Examples of (a) are W3C's XQuery, SQL, and the Z39.50 type-1 query. Examples of (b) are CCL and Google. Query languages in general do not combine functionality and user-friendliness; CQL is an attempt to combine these two features.

More to the point, CQL's goal is to combine the simplicity and intuitiveness of google searching with the expressive power of the Z39.50 query; to allow users to begin with very simple queries and work their way up to arbitrarily complex expressions as necessary.

 For example, the following (valid) CQL queries are intuitive and need no explanation:

  • birds
  • birds or dinosaurs
  • dinosaur not reptile
  • dinosaur and bird or dinobird
  • title= dinosaur and author=crichton
  • (((a and b) or (c not d) not (e or f and g)) and h not i) or j
  • publicationYear < 1980
  • numberOfWheels <= 3
  • numberOfToes <> 3

And the following are reasonably but not completely intuitive:

  • birds prox dinosaurs  --  "find birds near dinosaurs"
  • birds proxprox/distance=1/unit=sentence dinosaurs  -- "... . Within the same sentence"
  • dc.title= dinosaur and bath.author=crichton  -- "find dinosaur in the dc title index and crichton in the bath author index"
  • author all "crichton michael"  -- "author contains all of these words"
  • author any "crichton michael"  -- "author contains any of these words"

The second set of examples reflect more functionality that those in the first set and are correspondingly more complex, but not disproportionately so.

XQuery, on the other hand, is a large and complex specification, which has been in development for a long time (several years) and consists of a number of (12 or so) large documents.  It is difficult to comprehend without committing several days to reading the documents. CQL, by contrast, can be understood completely in an hour or so.

The XQuery development has been influenced, almost entirely, by two very distinct constituencies: (1) XML-as-document and (2) XML-as-data.  The first reflects XML's roots as SGML, while the second reflects a relational database bias.  Neither of these constituencies "won"; XQuery, rather than defining different queries for the different models, attempts to meet the needs of both constituencies with a single language.

Both XQuery and CQL assume that information is returned as XML. But XQuery goes a step further. It assumes that the information to be queried is (or is representable as) XML; CQL makes no such assumption. 

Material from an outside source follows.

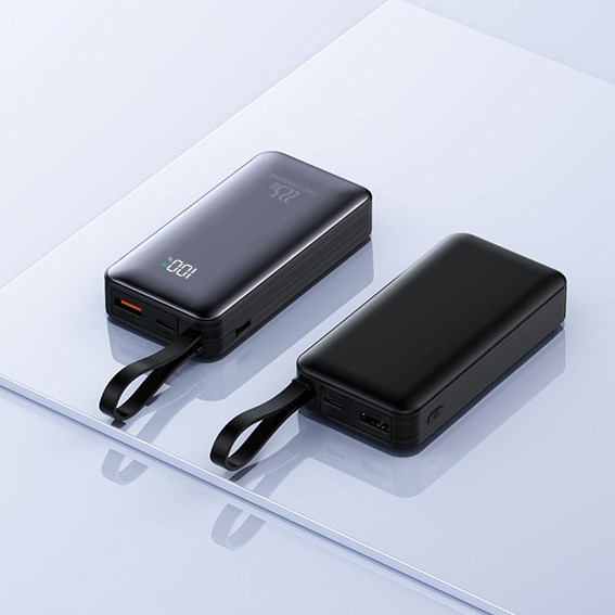 Handige powerbank met 10.000 mAh, geïntegreerde USB-C/Lightning oplaadkabel en digitale...meer

Both languages specify a non-xml syntax; XQuery, in addition, defines an alternative XML syntax.* In the XQuery case, this reflects apparent inability to resolve the question of whether an XML query syntax should itself be XML. Though on the surface it seems a good idea, the CQL developers ultimately decided it was not.

*(CQL did specify an alternative XML sytax, XCQL, in version 1.0, but abandoned it in 1.1. That is, it abandoned it for purposes of submitting the query. CQL retains the XCQL spec to be used by server to "echo" the query that was submitted.)

An example of a  simple (non-xml) XQuery query is:

let $title := /book/title
   return       <returnedTitle>       {          $title       }       </returnedTitle>

which is reasonably intuitive, it says "find all elements <title> within element <book> and return these as XML fragments each wrapped in an element <returnedTitle>".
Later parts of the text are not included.